**TASK TO CARRY OUT:** What is needed is a word-for-word copy of the listing below, without pictures.

**INPUT DATA:**
..............................
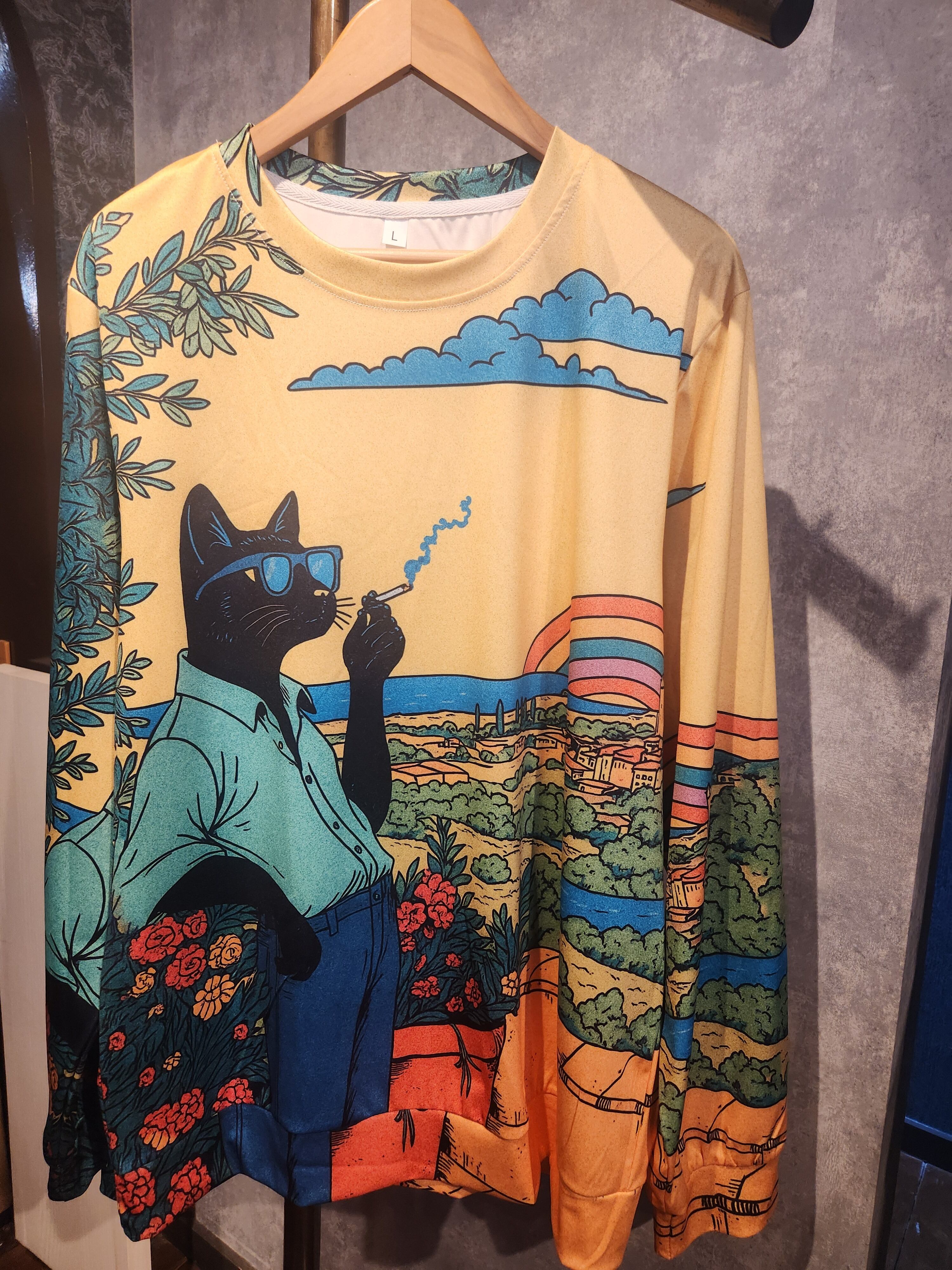 スモーキング休憩中のネコと虹と花の薄手スウェット。
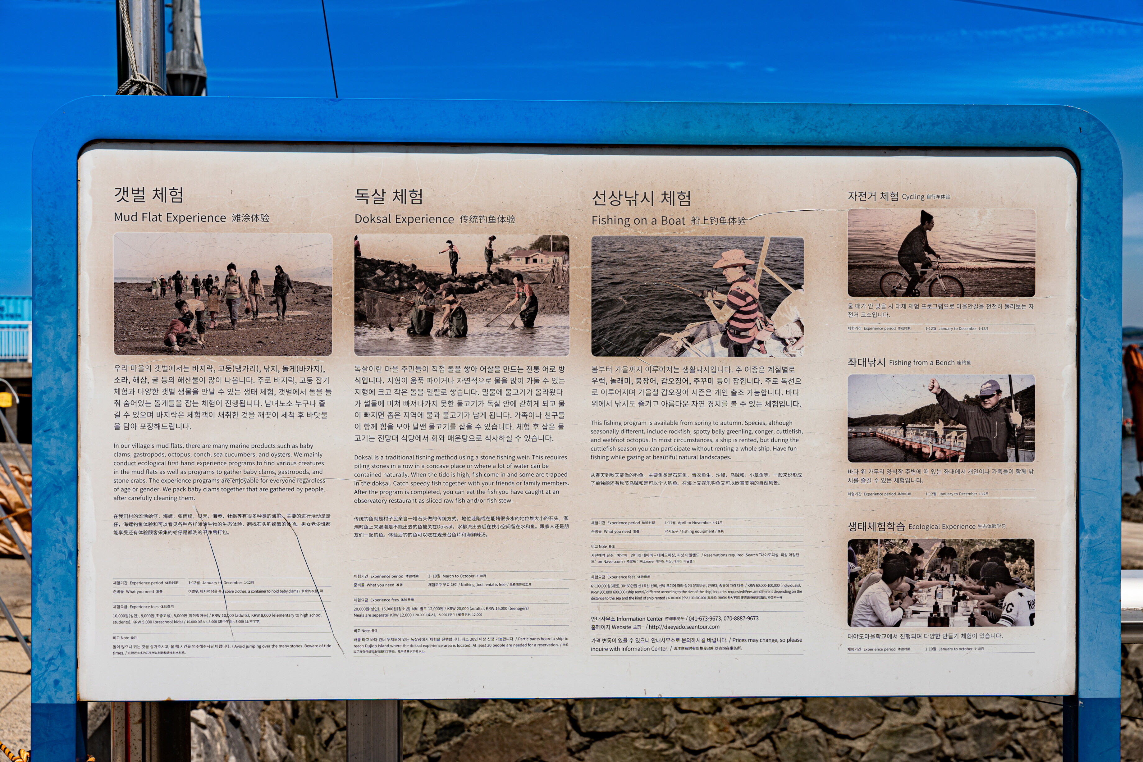 대야도마을은 자연과 체험, 전통과 문화가 공존하는 어촌마을이다. 안면도 동쪽의 천수만을 품고, 서쪽으로는 태안해안국립공원이 인접하여 울창한 송림과 넓은 갯벌이 보인다. 바닷가에서 갯벌체험, 선상낚시, 가두리낚시 등의 체험행사가 준비되어 있으며, 빼어난 자연경관을 자랑하는 해송 숲을 중심으로 7개의 펜션과 민박을 운영한다. 천상병 시인의 옛집과 전통 낚배 등 볼거리가 풍부하며 화가와 목공예가를 비롯한 예술인들이 마을에 거주하고 있다. 마을장터에서는 갑오징어, 낙지, 굴, 바지락 등의 해산물을 볼 수 있어 장터가 열릴 때 방문하는 재미도 있다.
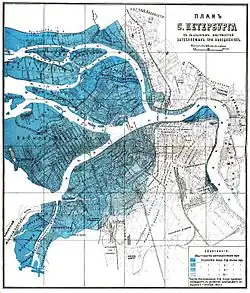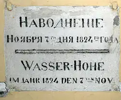 Floods in Saint Petersburg refer to a rise of water on the territory of St. Petersburg, a major city in Russia and its former capital. They are usually caused by the overflow of the delta of Neva River and surging water in the eastern part of Neva Bay but sometimes caused by melting snow. Floods are registered when the water rises above 160 cm with respect to a gauge at the Saint Petersburg Mining Institute. More than 300 floods have occurred since the city was founded in 1703.[1][2][3]
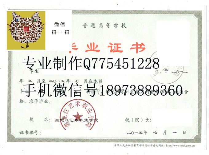 黑龙江艺术职业学院2015年毕业证样本
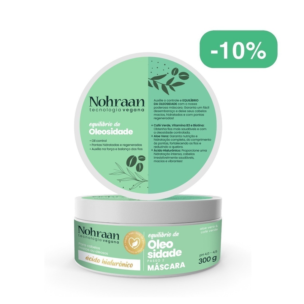 Desfrute de um cabelo equilibrado e saudável com a Máscara Equilíbrio da Oleosidade da Nohraan Veg. Controle a oleosidade e deixe seus fios macios e regenerados!
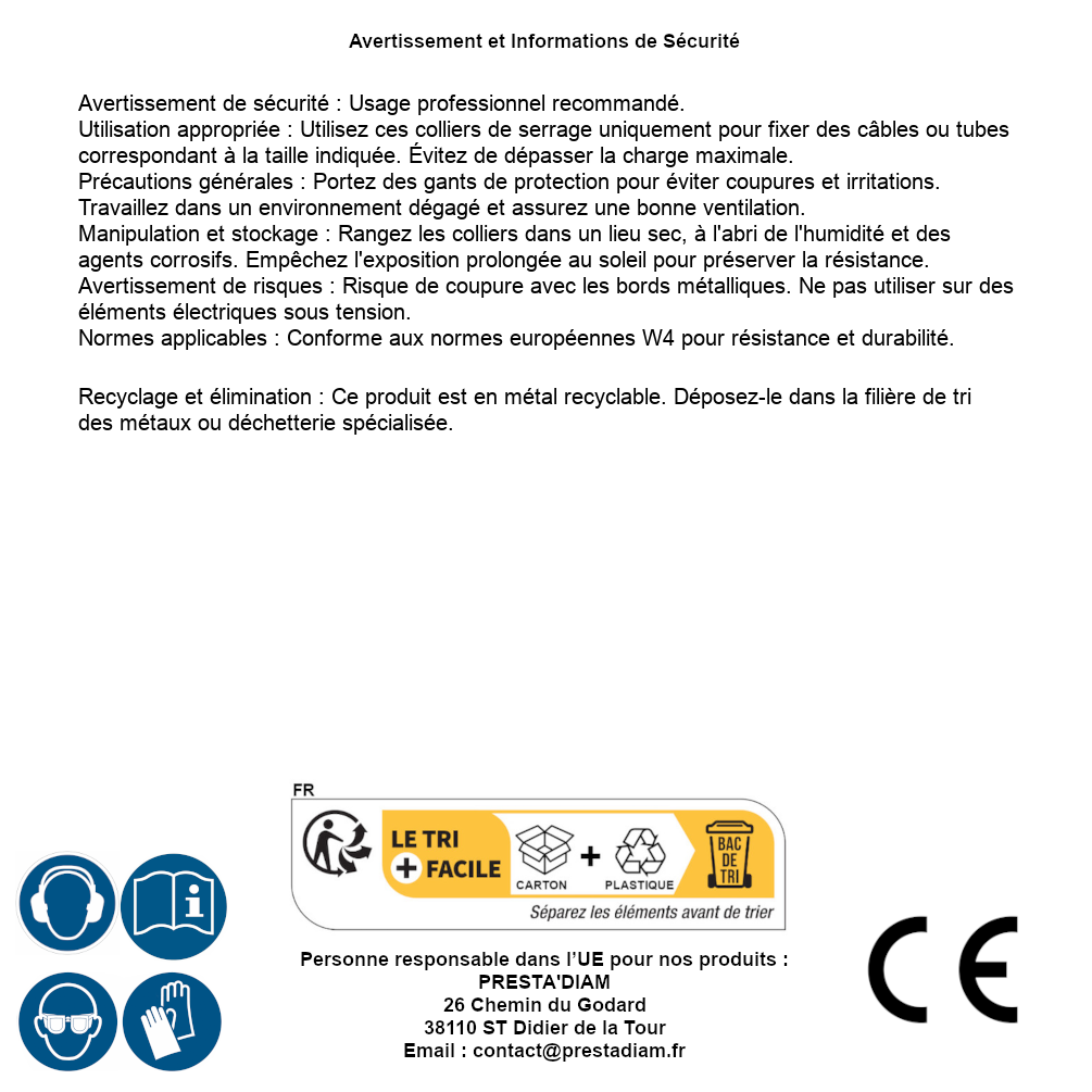 | AVERTISSEMENT et SECURITE | Identification de la personne responsable dans l’UE : Nom : PRESTA'DIAM. Adresse : 26 Chemin du Godard, 38110 ST Didier de la Tour (France). Email : contact@prestadiam.fr. |
..............................
**EXPECTED ANSWER:**
 スモーキング休憩中のネコと虹と花の薄手スウェット。
 대야도마을은 자연과 체험, 전통과 문화가 공존하는 어촌마을이다. 안면도 동쪽의 천수만을 품고, 서쪽으로는 태안해안국립공원이 인접하여 울창한 송림과 넓은 갯벌이 보인다. 바닷가에서 갯벌체험, 선상낚시, 가두리낚시 등의 체험행사가 준비되어 있으며, 빼어난 자연경관을 자랑하는 해송 숲을 중심으로 7개의 펜션과 민박을 운영한다. 천상병 시인의 옛집과 전통 낚배 등 볼거리가 풍부하며 화가와 목공예가를 비롯한 예술인들이 마을에 거주하고 있다. 마을장터에서는 갑오징어, 낙지, 굴, 바지락 등의 해산물을 볼 수 있어 장터가 열릴 때 방문하는 재미도 있다.
 Floods in Saint Petersburg refer to a rise of water on the territory of St. Petersburg, a major city in Russia and its former capital. They are usually caused by the overflow of the delta of Neva River and surging water in the eastern part of Neva Bay but sometimes caused by melting snow. Floods are registered when the water rises above 160 cm with respect to a gauge at the Saint Petersburg Mining Institute. More than 300 floods have occurred since the city was founded in 1703.[1][2][3]
 黑龙江艺术职业学院2015年毕业证样本
 Desfrute de um cabelo equilibrado e saudável com a Máscara Equilíbrio da Oleosidade da Nohraan Veg. Controle a oleosidade e deixe seus fios macios e regenerados!
 | AVERTISSEMENT et SECURITE | Identification de la personne responsable dans l’UE : Nom : PRESTA'DIAM. Adresse : 26 Chemin du Godard, 38110 ST Didier de la Tour (France). Email : contact@prestadiam.fr. |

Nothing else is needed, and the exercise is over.